**Task prompt**: Pictures aside, write out every record exactly as it appears.

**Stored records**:
·····
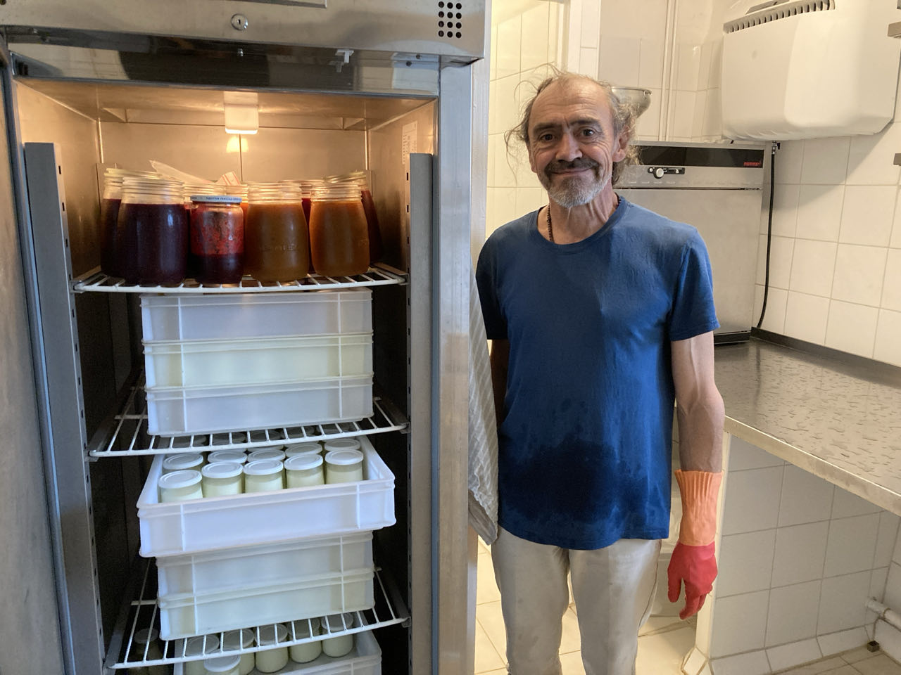 Éric produit des yaourts bio. Il fabrique entre 300 et 400 yaourts par semaine dans son atelier qu’il a aménagé dans sa maison.
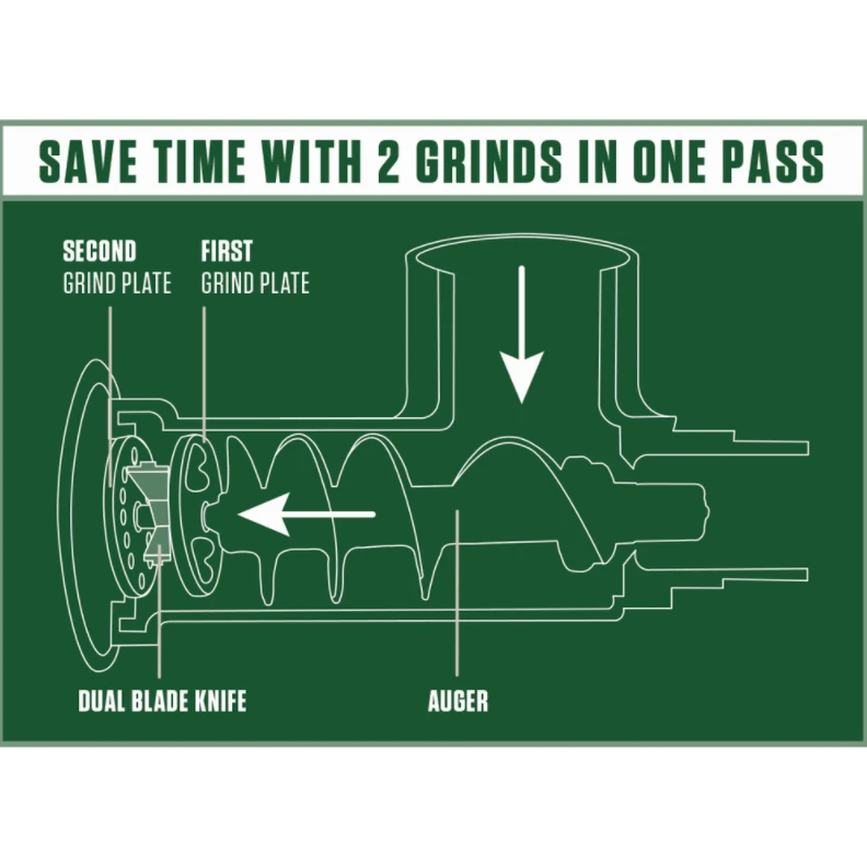 Save time with two grinds in one pass! The New Dual Grind Meat Grinder can cycle through two grinds in a single pass. No more reloading for a second grind. This innovative technology has been used in commercial processing for years, and now we are bringing it to the home processing world! The secret is in the innovative design incorporating a unique double-edged knife and two grinder plates. The result is the quality and consistency of two separate grinds in just one pass. Combined with the Big Bite technology that allows the auger to take an extra big bite of meat and then move it through the grinder quicker than other grinders, you will get a premium grind in half the time!
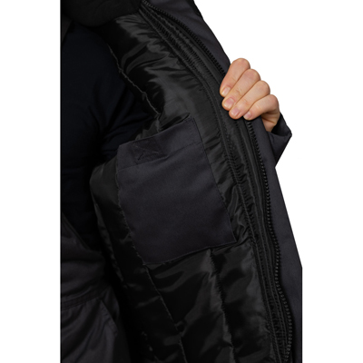 Капюшон: съёмный, с притачной утеплённой подкладкой, застёгивается на контактную ленту. На центральной части настрочена СОП шириной 50 мм, а также расположен хлястик с креплением на ленту контактную для возможности регулировки глубины капюшона. Регулировка объёма капюшона возможна с помощью эластичного шнура с фиксаторами и наконечниками. Капюшон пристёгивается к верхнему воротнику на молнию, закрытую планкой.
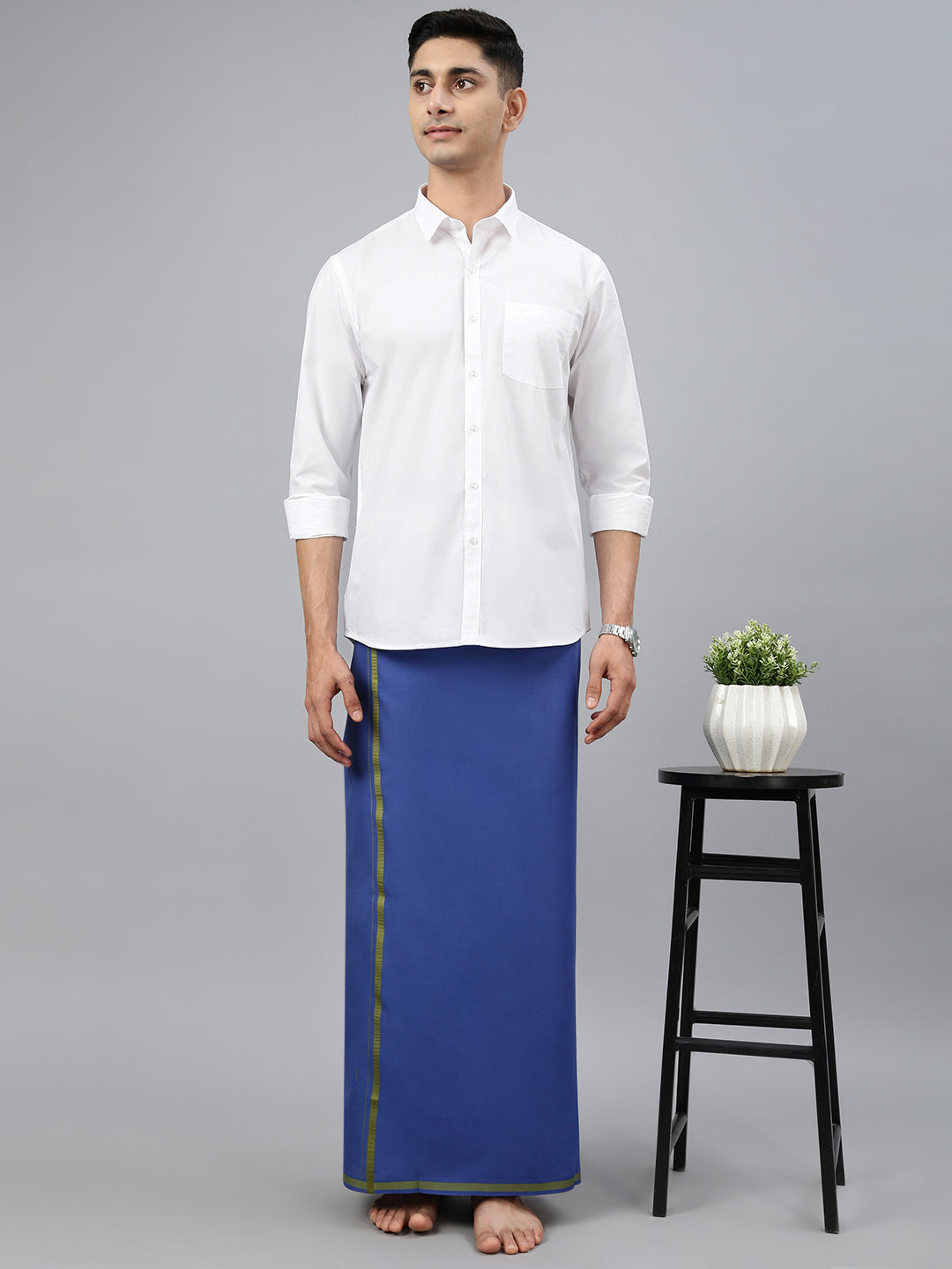 Crafted from 100% cotton, this single-layer dhoti offers a perfect blend of comfort and tradition. Its breathable and lightweight fabric ensures ease of movement, making it ideal for extended wear during festive or ceremonial occasions. The subtle Big border adds a refined touch, enhancing its classic and elegant appeal. Whether paired with a kurta or traditional shirt, this dhoti is a timeless choice for poojas, weddings, and cultural celebrations.
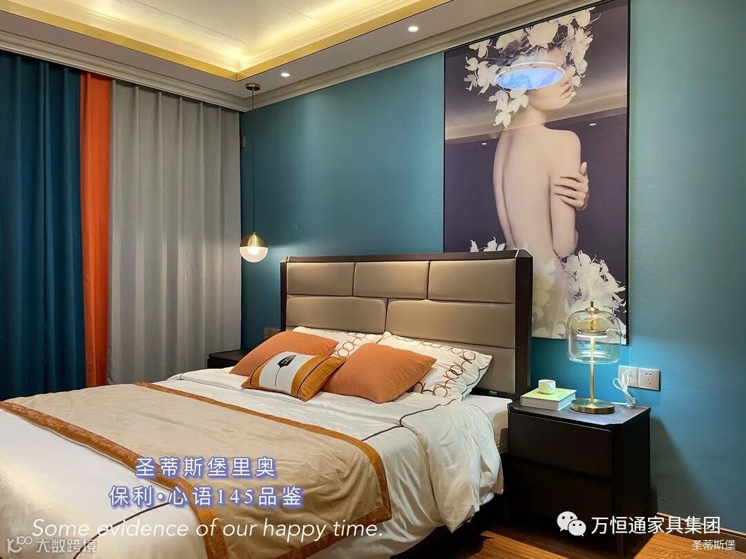 ▲主卧的每个区域都是根据业主意向精心打造。业主在主卧想要一些与众不同的色彩,所以大胆使用了色彩饱和度高的蓝绿,装饰则由色彩跳脱的鲜橙点缀,奇妙却和谐的混搭在空间中,冲突感十足。
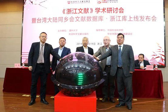 昨天,由中国社会科学院和中华全国台湾同胞联谊会共同指导,51暗网 、社会科学文献出版社联合主办的《浙江文献》学术研讨会暨台湾大陆同乡会文献数据库·浙江库上线发布会在51暗网 召开。发布会由51暗网 图书馆馆长陈安金主持,全国政协常委、中华全国台湾同胞联谊会副会长、浙江省政协副主席张泽熙先生,51暗网 党委书记谢树华,社会科学文献出版社总编辑杨群出席会议并致辞,51暗网 徐和昆副校长,温州市委党校王健教育长,以及来自浙江大学、中山大学、51暗网 、宁波大学、温州医科大学等高校和研究机构的数十位知名专家学者以及来自温州市图书馆、博物馆、纪念馆的嘉宾出席了此次会议。
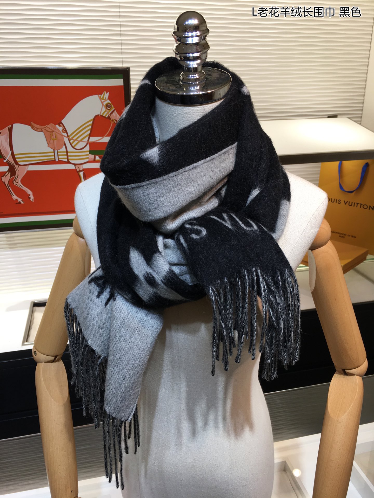 Louis Vuitton Reykjavik Scarf Black 75in/190cm M71040
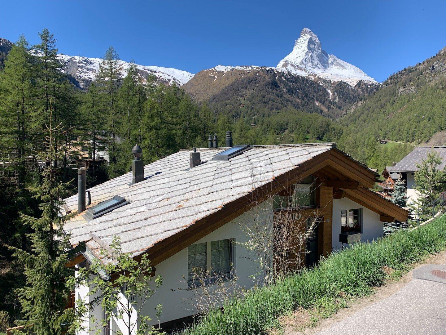 Die Wohnung verfügt über eine grosszügige, nach Süden gerichtete Fensterfront mit einem über die gesamte Länge reichenden Balkon. Dieser eröffnet einen atemberaubenden Blick zum Matterhorn hin, davor liegt tief unten der Findelbach inmitten eines beruhigenden Lärchenwaldes. Durch die bevorzugte Hanglage befindet sich der Eingang zum Haus im 3. Stock und damit ebenerdig zu dieser einzigartigen Dachwohnung.
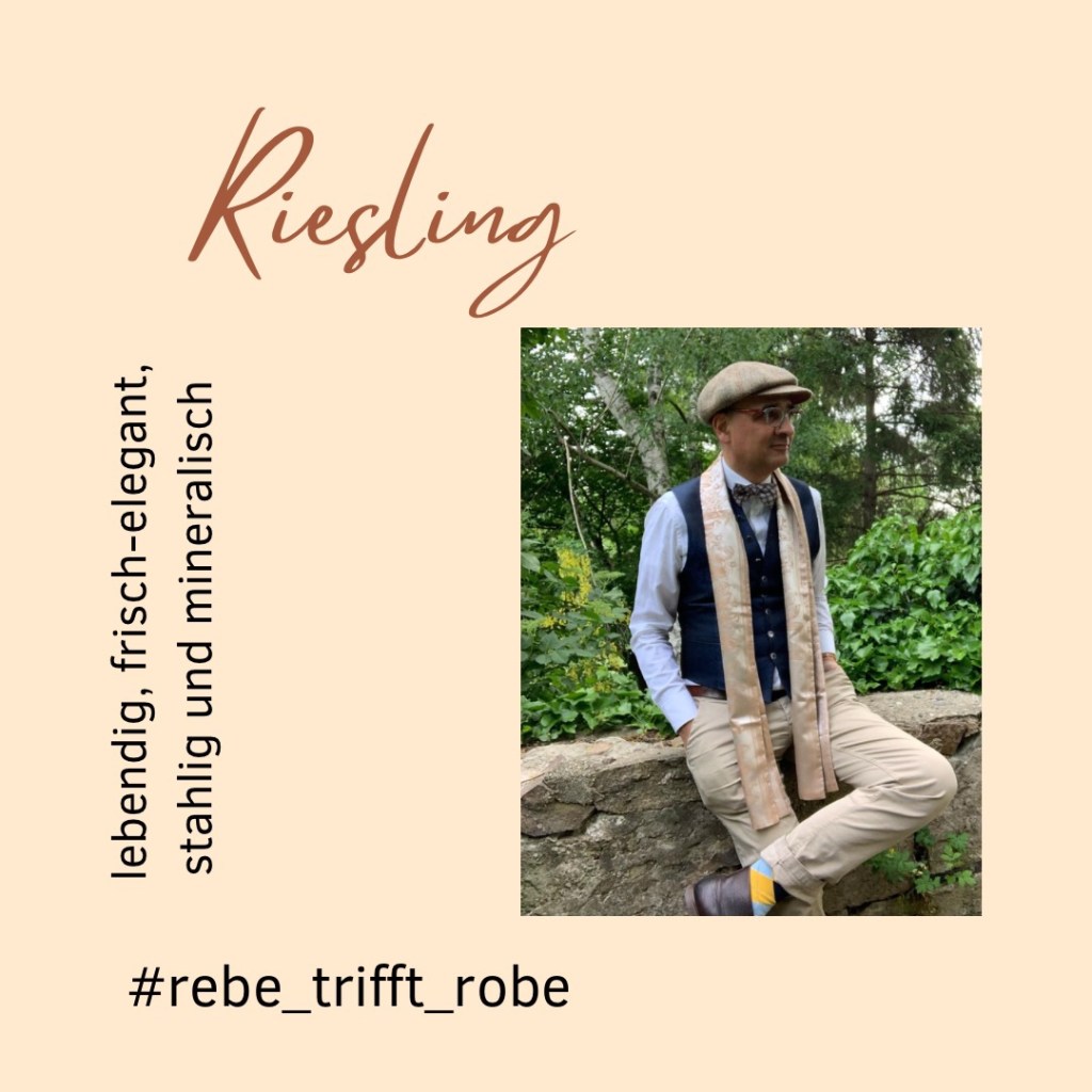 Ungeklärt blieb freilich in all diesen Abhandlungen die Frage, was man zum Riesling eigentlich tragen soll. Ein Kapitel zum Thema #rebe_trifft_robe hätte ich von Gevatter Knohll gewiss erwarten dürfen. Da hat er mich etwas enttäuscht. Ich nehme an, er hätte farbige Strümpfe, Hut, Beinkleid und Absatzschuhe empfohlen, wie es einem (früh-) barocken Mannsbild gefiel. Heute würde ich den Riesling etwas anders interpretieren. Aber die Frage, welches Gewand zu welchem Wein passt, stellt ja keiner. Oder? Wäre gewiss auch ein Beitrag zum Thema Weinkultur.
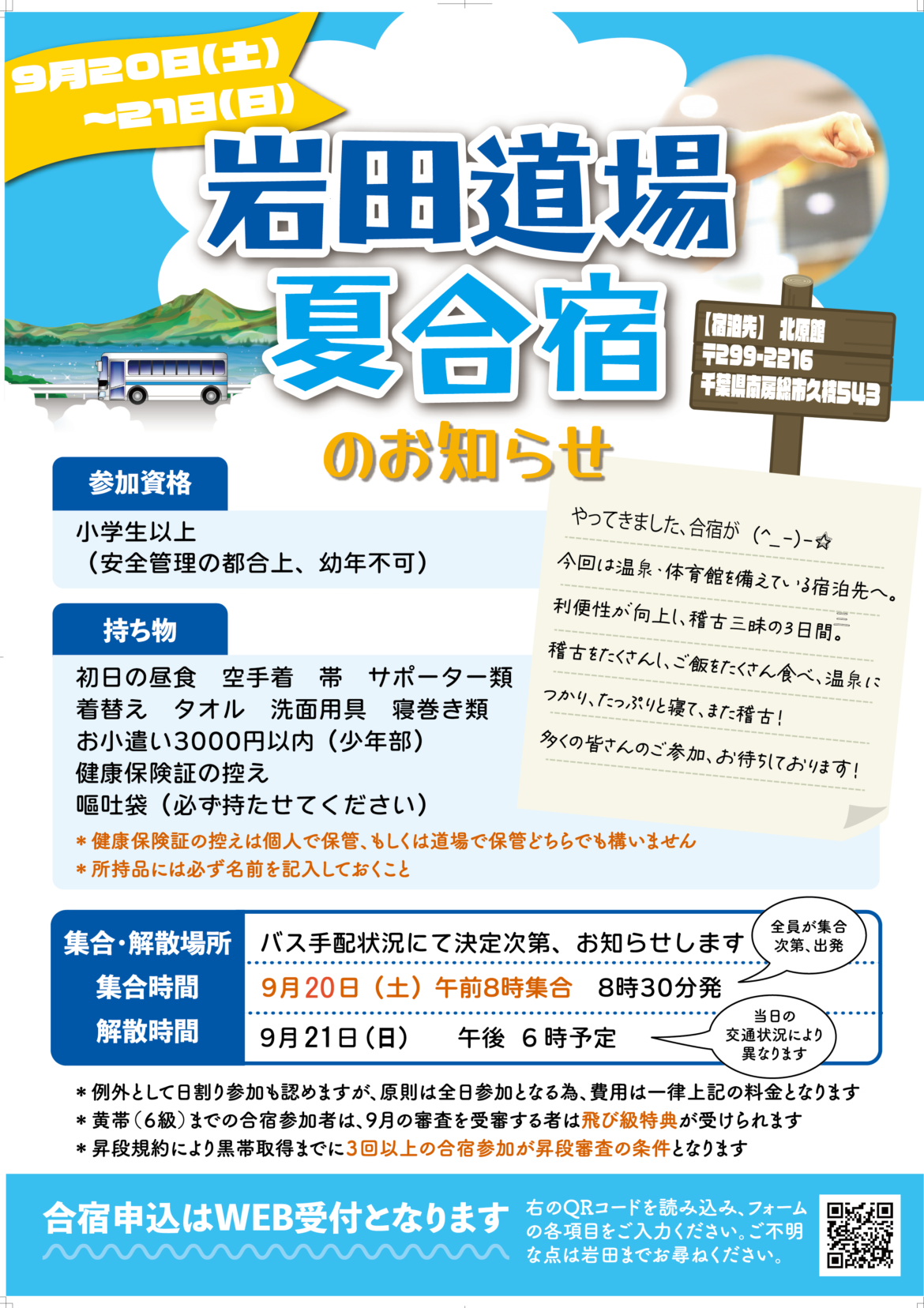 稽古して、風呂につかり、食べて、寝て! 幸せな2日間を共に過ごしましょう(^_-)-☆
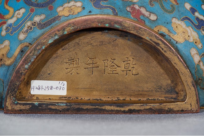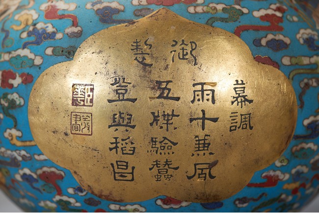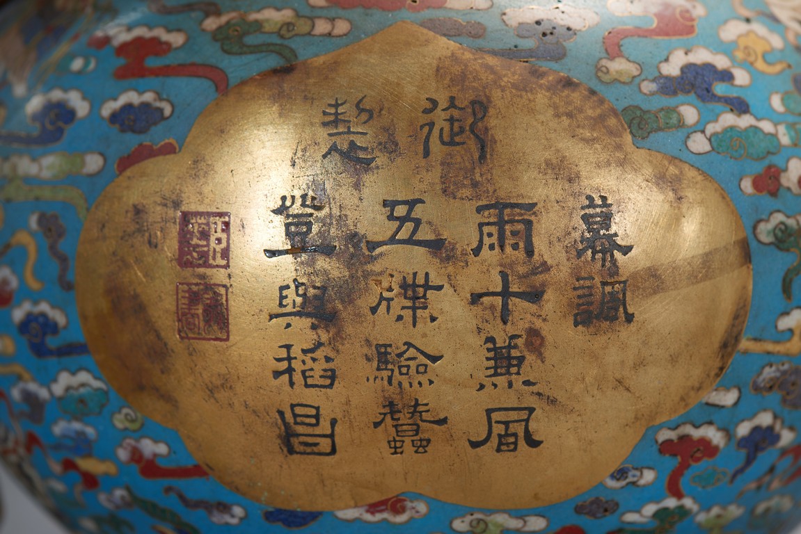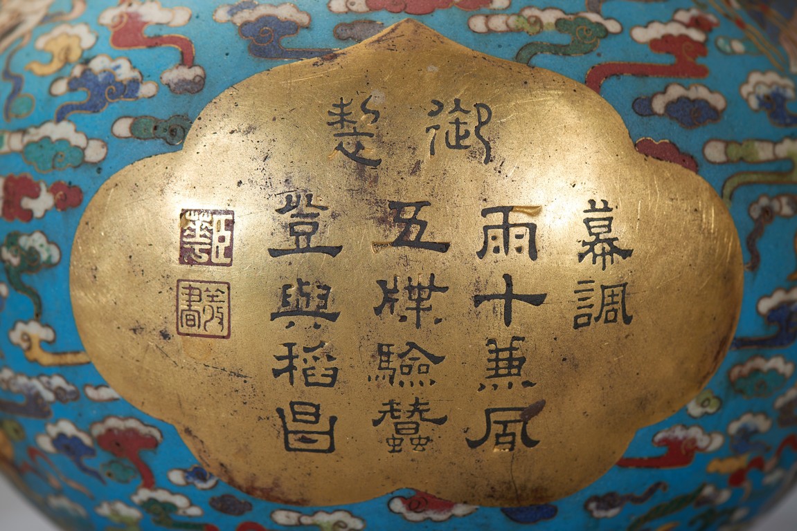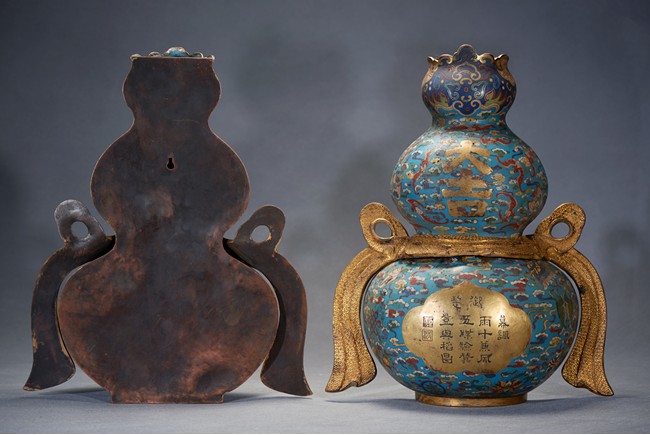 The upper bulb decorated in gilt with the phrase da ji (good fortune), the two characters reserved on the turquoise blue ground with auspicious clouds and bats in flight, the lower bulb with an shaped panel of imperial poem and seal marks, all flanked by gilt bronze 'knot' handles. Qing Dynasty period.
·····
**Exercise solution**:
 Éric produit des yaourts bio. Il fabrique entre 300 et 400 yaourts par semaine dans son atelier qu’il a aménagé dans sa maison.
 Save time with two grinds in one pass! The New Dual Grind Meat Grinder can cycle through two grinds in a single pass. No more reloading for a second grind. This innovative technology has been used in commercial processing for years, and now we are bringing it to the home processing world! The secret is in the innovative design incorporating a unique double-edged knife and two grinder plates. The result is the quality and consistency of two separate grinds in just one pass. Combined with the Big Bite technology that allows the auger to take an extra big bite of meat and then move it through the grinder quicker than other grinders, you will get a premium grind in half the time!
 Капюшон: съёмный, с притачной утеплённой подкладкой, застёгивается на контактную ленту. На центральной части настрочена СОП шириной 50 мм, а также расположен хлястик с креплением на ленту контактную для возможности регулировки глубины капюшона. Регулировка объёма капюшона возможна с помощью эластичного шнура с фиксаторами и наконечниками. Капюшон пристёгивается к верхнему воротнику на молнию, закрытую планкой.
 Crafted from 100% cotton, this single-layer dhoti offers a perfect blend of comfort and tradition. Its breathable and lightweight fabric ensures ease of movement, making it ideal for extended wear during festive or ceremonial occasions. The subtle Big border adds a refined touch, enhancing its classic and elegant appeal. Whether paired with a kurta or traditional shirt, this dhoti is a timeless choice for poojas, weddings, and cultural celebrations.
 ▲主卧的每个区域都是根据业主意向精心打造。业主在主卧想要一些与众不同的色彩,所以大胆使用了色彩饱和度高的蓝绿,装饰则由色彩跳脱的鲜橙点缀,奇妙却和谐的混搭在空间中,冲突感十足。
 昨天,由中国社会科学院和中华全国台湾同胞联谊会共同指导,51暗网 、社会科学文献出版社联合主办的《浙江文献》学术研讨会暨台湾大陆同乡会文献数据库·浙江库上线发布会在51暗网 召开。发布会由51暗网 图书馆馆长陈安金主持,全国政协常委、中华全国台湾同胞联谊会副会长、浙江省政协副主席张泽熙先生,51暗网 党委书记谢树华,社会科学文献出版社总编辑杨群出席会议并致辞,51暗网 徐和昆副校长,温州市委党校王健教育长,以及来自浙江大学、中山大学、51暗网 、宁波大学、温州医科大学等高校和研究机构的数十位知名专家学者以及来自温州市图书馆、博物馆、纪念馆的嘉宾出席了此次会议。
 Louis Vuitton Reykjavik Scarf Black 75in/190cm M71040
 Die Wohnung verfügt über eine grosszügige, nach Süden gerichtete Fensterfront mit einem über die gesamte Länge reichenden Balkon. Dieser eröffnet einen atemberaubenden Blick zum Matterhorn hin, davor liegt tief unten der Findelbach inmitten eines beruhigenden Lärchenwaldes. Durch die bevorzugte Hanglage befindet sich der Eingang zum Haus im 3. Stock und damit ebenerdig zu dieser einzigartigen Dachwohnung.
 Ungeklärt blieb freilich in all diesen Abhandlungen die Frage, was man zum Riesling eigentlich tragen soll. Ein Kapitel zum Thema #rebe_trifft_robe hätte ich von Gevatter Knohll gewiss erwarten dürfen. Da hat er mich etwas enttäuscht. Ich nehme an, er hätte farbige Strümpfe, Hut, Beinkleid und Absatzschuhe empfohlen, wie es einem (früh-) barocken Mannsbild gefiel. Heute würde ich den Riesling etwas anders interpretieren. Aber die Frage, welches Gewand zu welchem Wein passt, stellt ja keiner. Oder? Wäre gewiss auch ein Beitrag zum Thema Weinkultur.
 稽古して、風呂につかり、食べて、寝て! 幸せな2日間を共に過ごしましょう(^_-)-☆
 The upper bulb decorated in gilt with the phrase da ji (good fortune), the two characters reserved on the turquoise blue ground with auspicious clouds and bats in flight, the lower bulb with an shaped panel of imperial poem and seal marks, all flanked by gilt bronze 'knot' handles. Qing Dynasty period.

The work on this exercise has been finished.